En complément des lignes ci-dessus, l’auteur nous prie de recommander cette brochure à nos lecteurs. Elle met en relief d’une façon saisissante ce qu’est le monde, ce système dont Satan est le prince, et où il a tout disposé pour entraîner les âmes loin de Christ, offrant à chacun ce qui répond le mieux à son tempérament. Même dans le domaine religieux, Satan sait imiter le fruit de la vie divine, donnant une apparence de piété à ce qui n’est destiné qu’à satisfaire la chair, à procurer une certaine considération aux « bienfaiteurs » de ce monde.
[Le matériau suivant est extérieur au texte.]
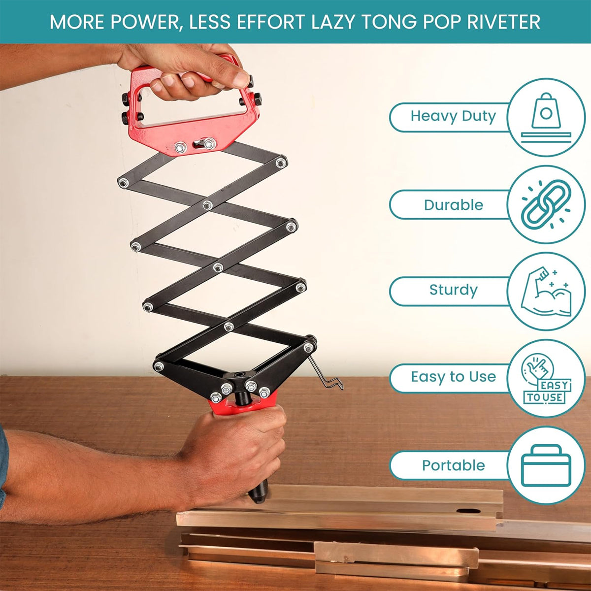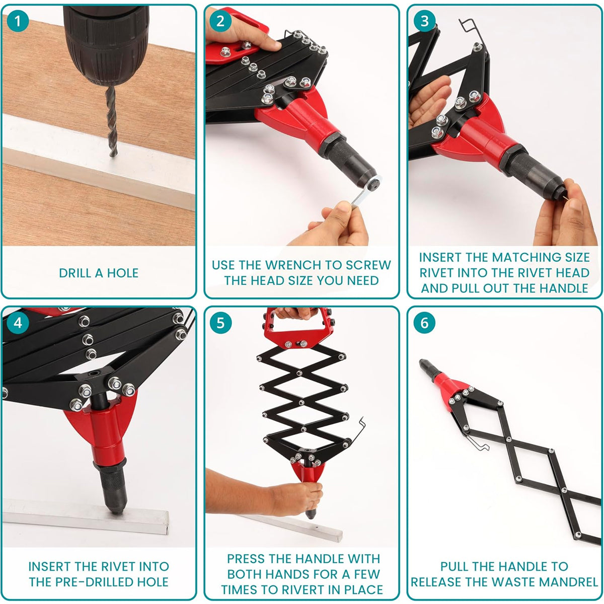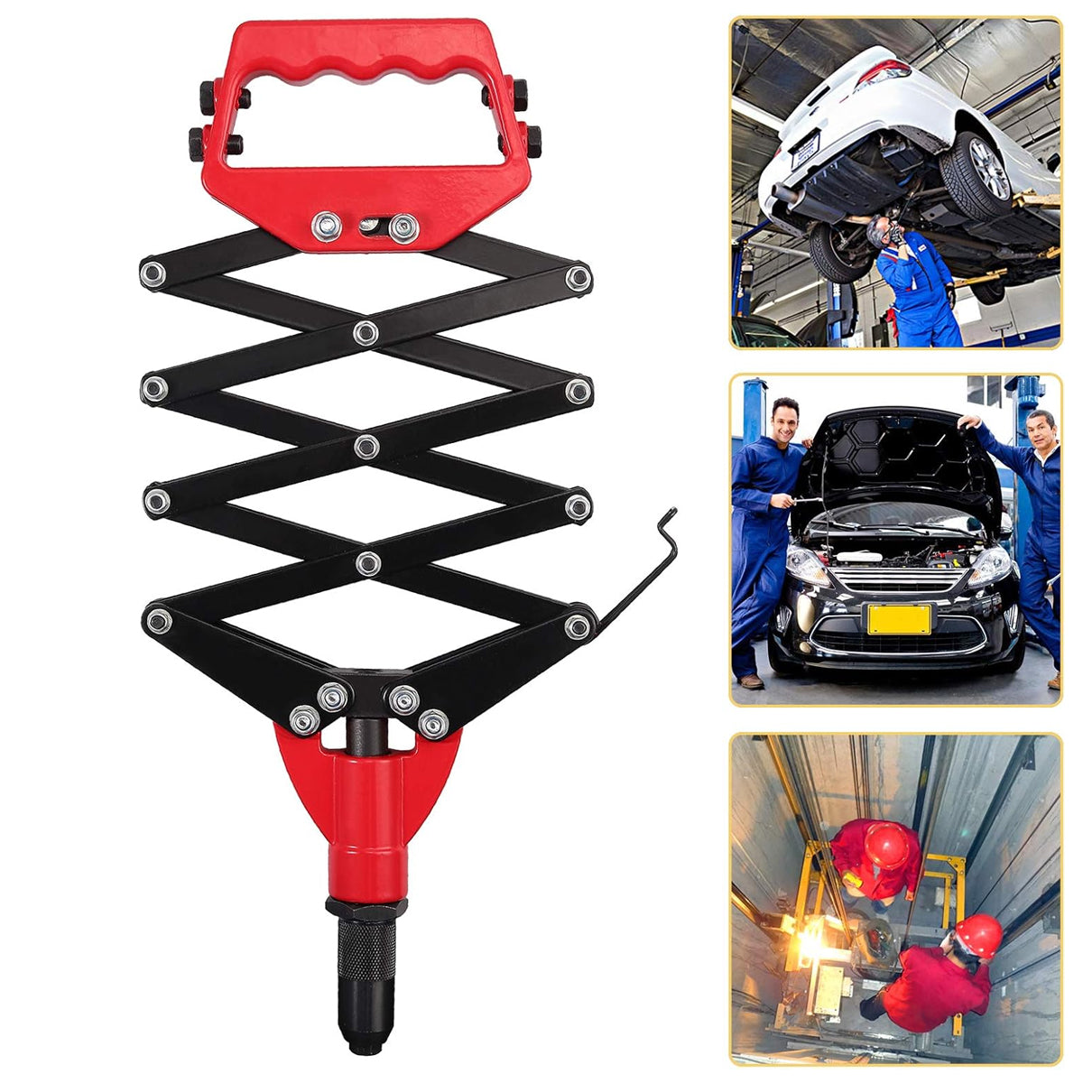 This folding rivet gun tool kit is engineered for both professional and DIY fastening on metal, wood, and plastic components. Built from heavy-duty alloy steel, it features a 4-fold joint rod design that reduces overall length for compact storage and easy transport. Five interchangeable nozzles support a wide range of blind rivet sizes, enabling efficient installation across multiple repair scenarios. The ergonomic red handle ensures a firm, comfortable grip, while a secure locking mechanism keeps the folded tool safely closed when not in use.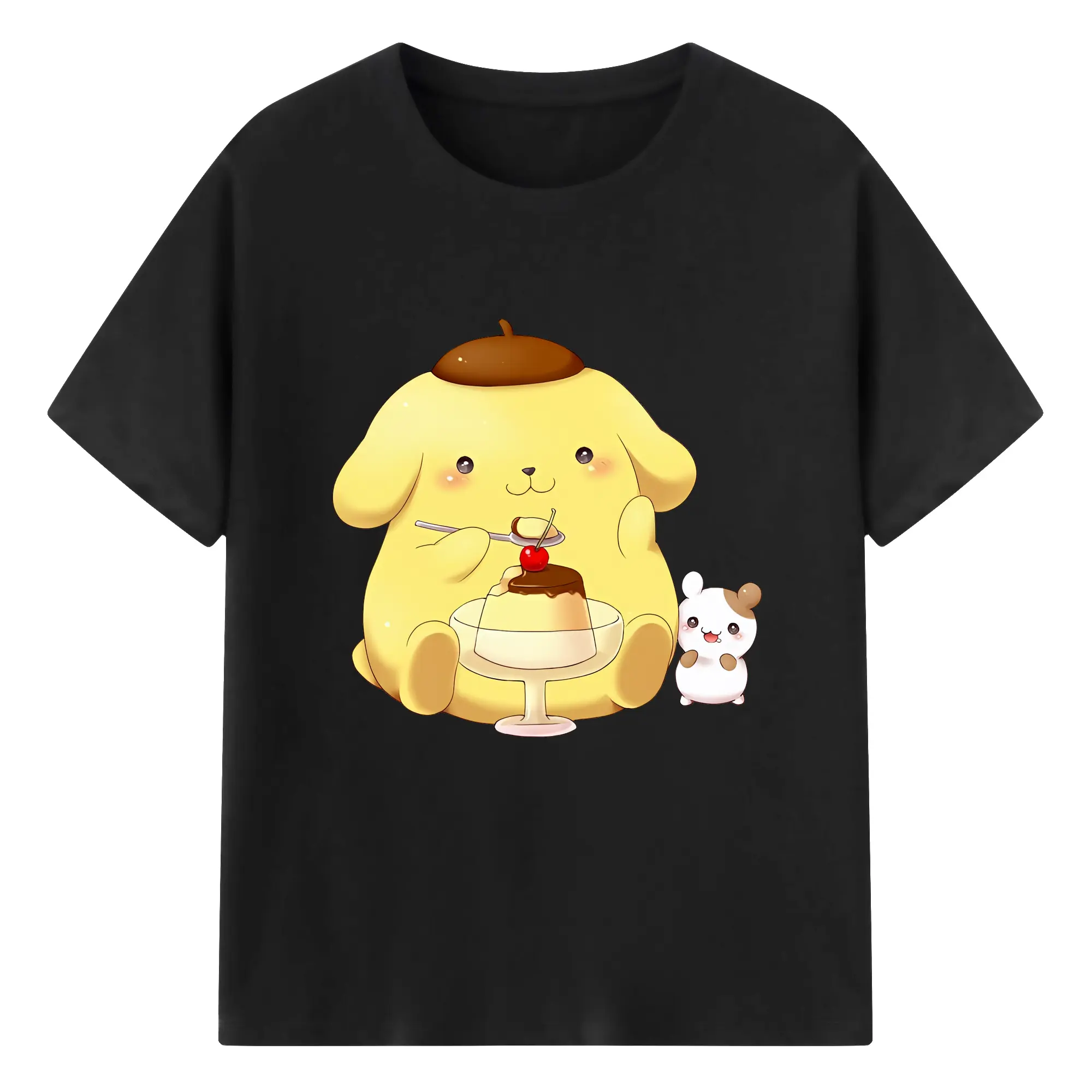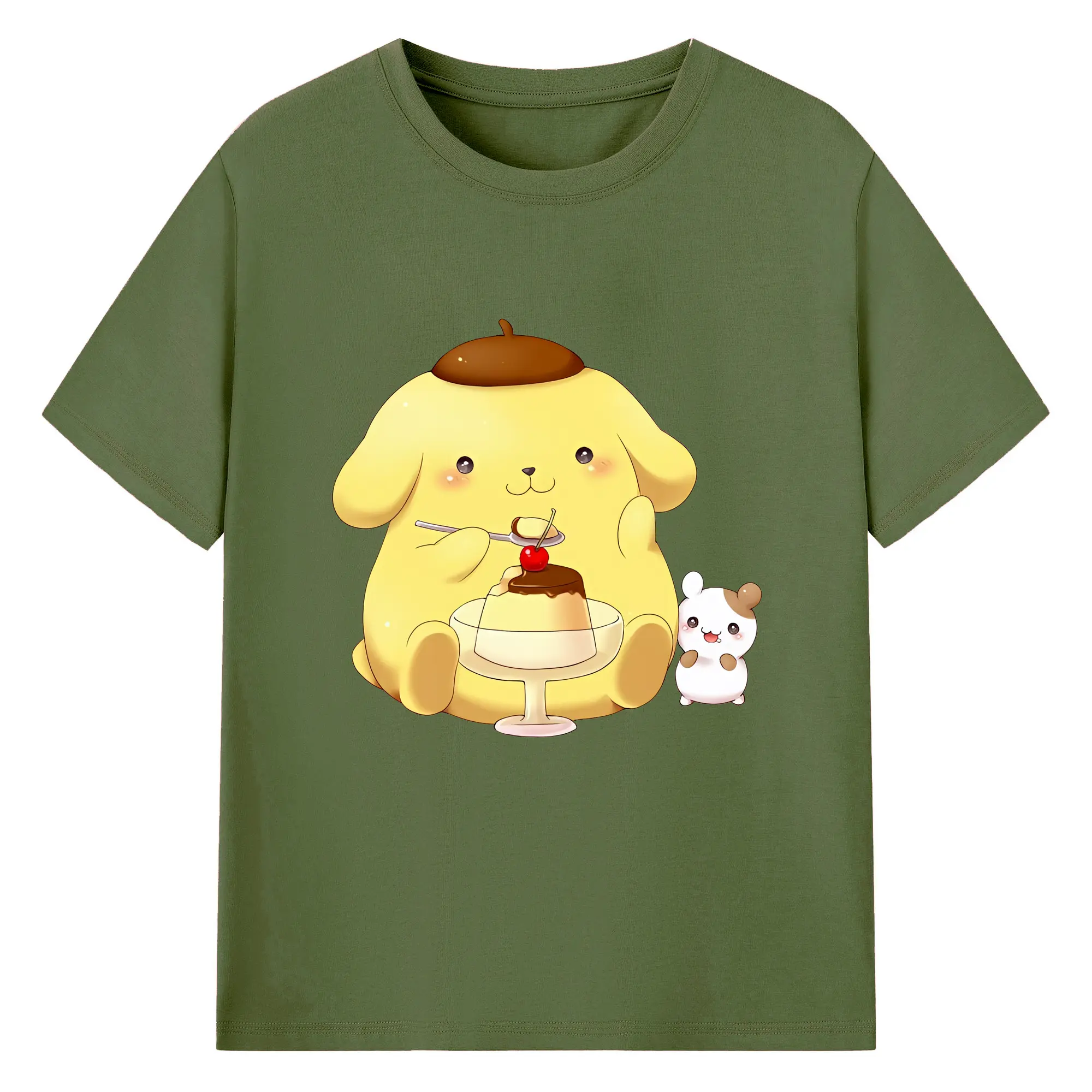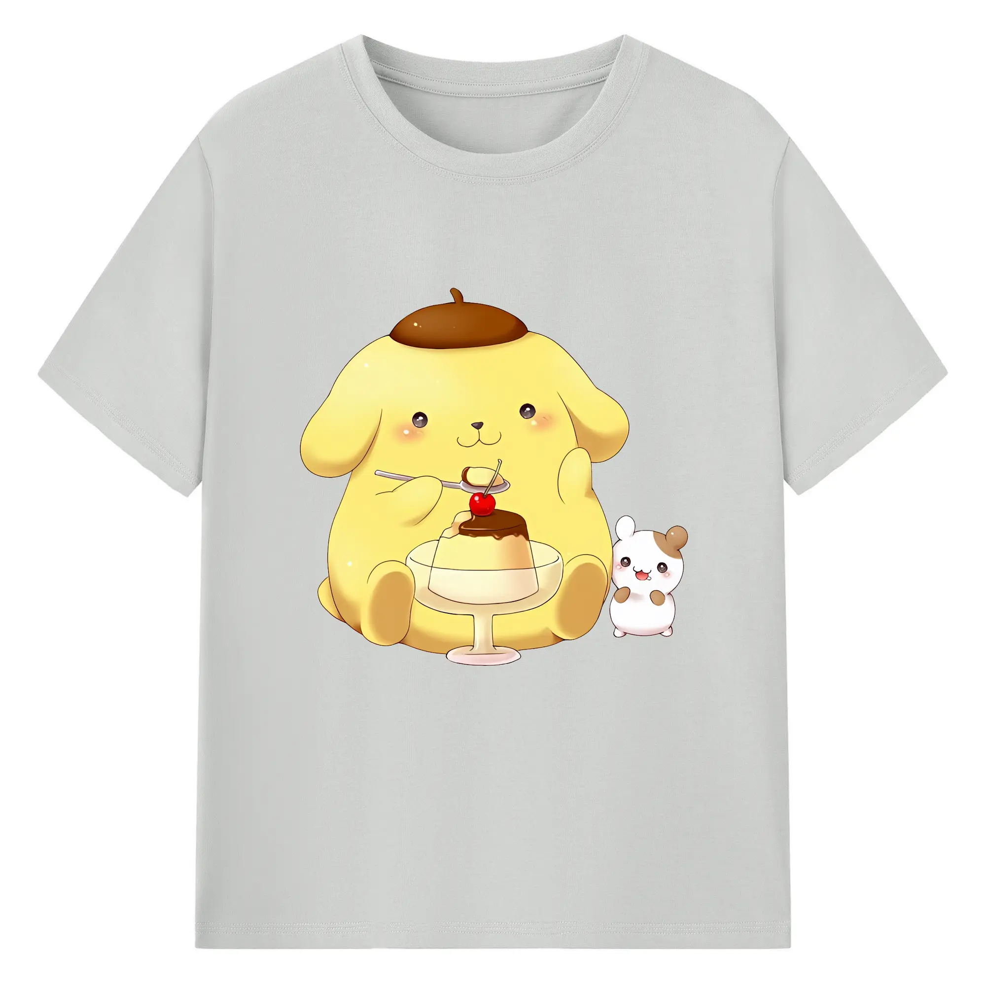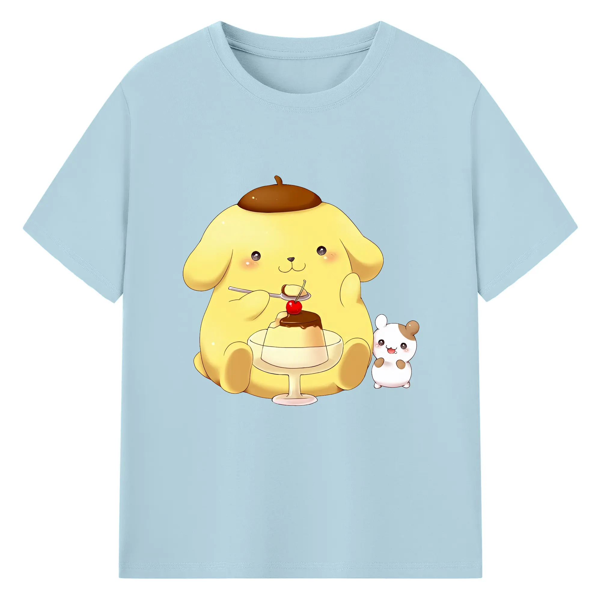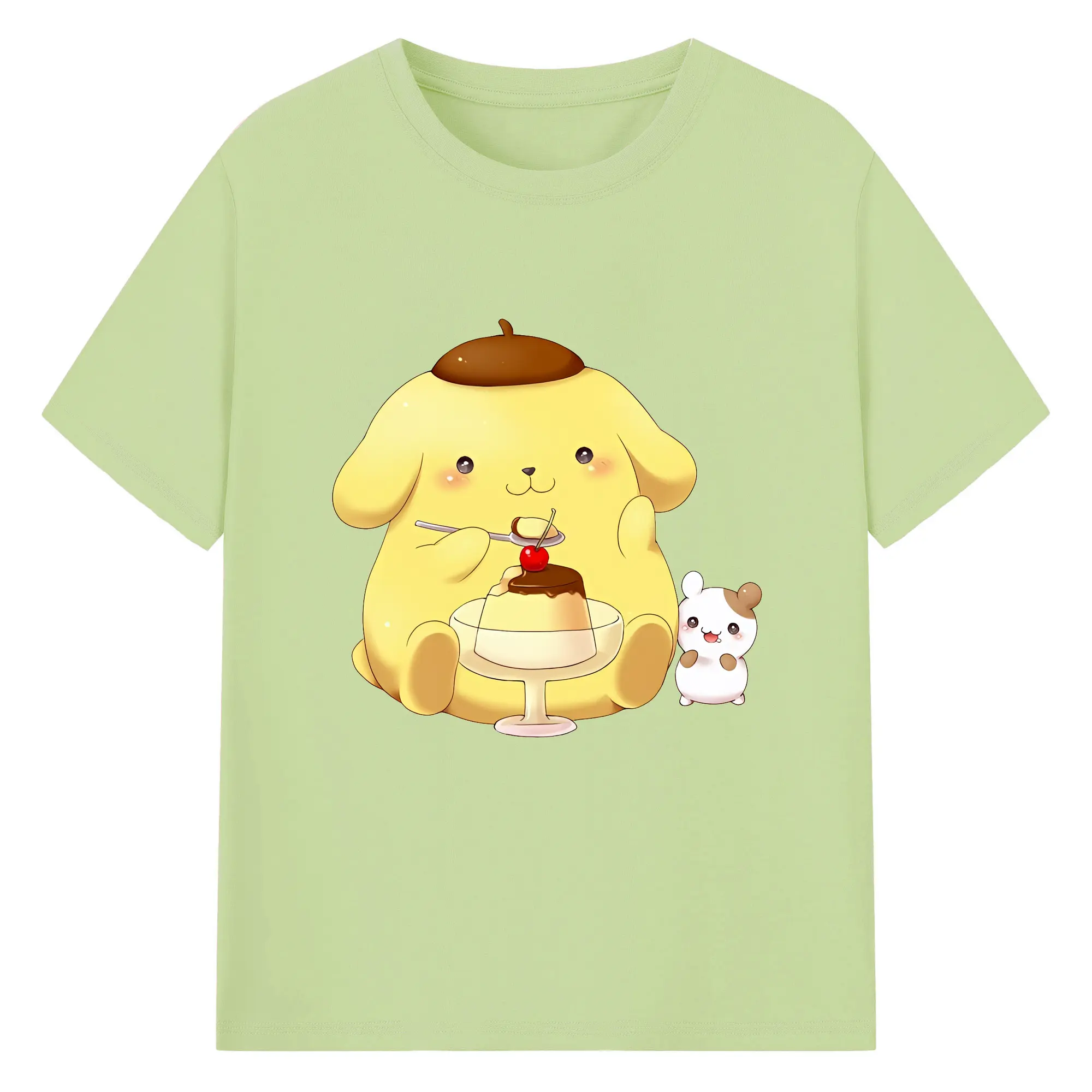 サンリオ グッズ,ポムポムプリン - 綿100% キッズTシャツ ・ フロントプリント ・ 快適 通気性 ・ スポーツ カジュアル 散歩用

Mais est-ce à dire que si Satan contrefait l’œuvre de Dieu, les rachetés du Seigneur n’aient pas à être, comme Lui, « émus de compassion » devant les souffrances qui les entourent, pleins d’amour pour les âmes qui s’en vont loin de Dieu ? « Pas du monde » comme l’était le Seigneur Jésus, mais aussi « envoyés dans le monde » (Jean 17, 16-18), comme le Père L’avait envoyé. Abraham restait sur la montagne, priant pour Sodome, et n’allait pas se mêler aux hommes de la ville ; mais lorsque Lot, « son frère », avait été emmené captif, il n’avait pas craint d’aller avec « ses hommes exercés » [Gen. 14, 14] pour le délivrer. Le Samaritain, « allant son chemin » [Luc 10, 33], s’est penché « ému de compassion » sur le blessé au bord de la route, alors que les hommes religieux, conscients de leurs prérogatives, passaient de l’autre côté.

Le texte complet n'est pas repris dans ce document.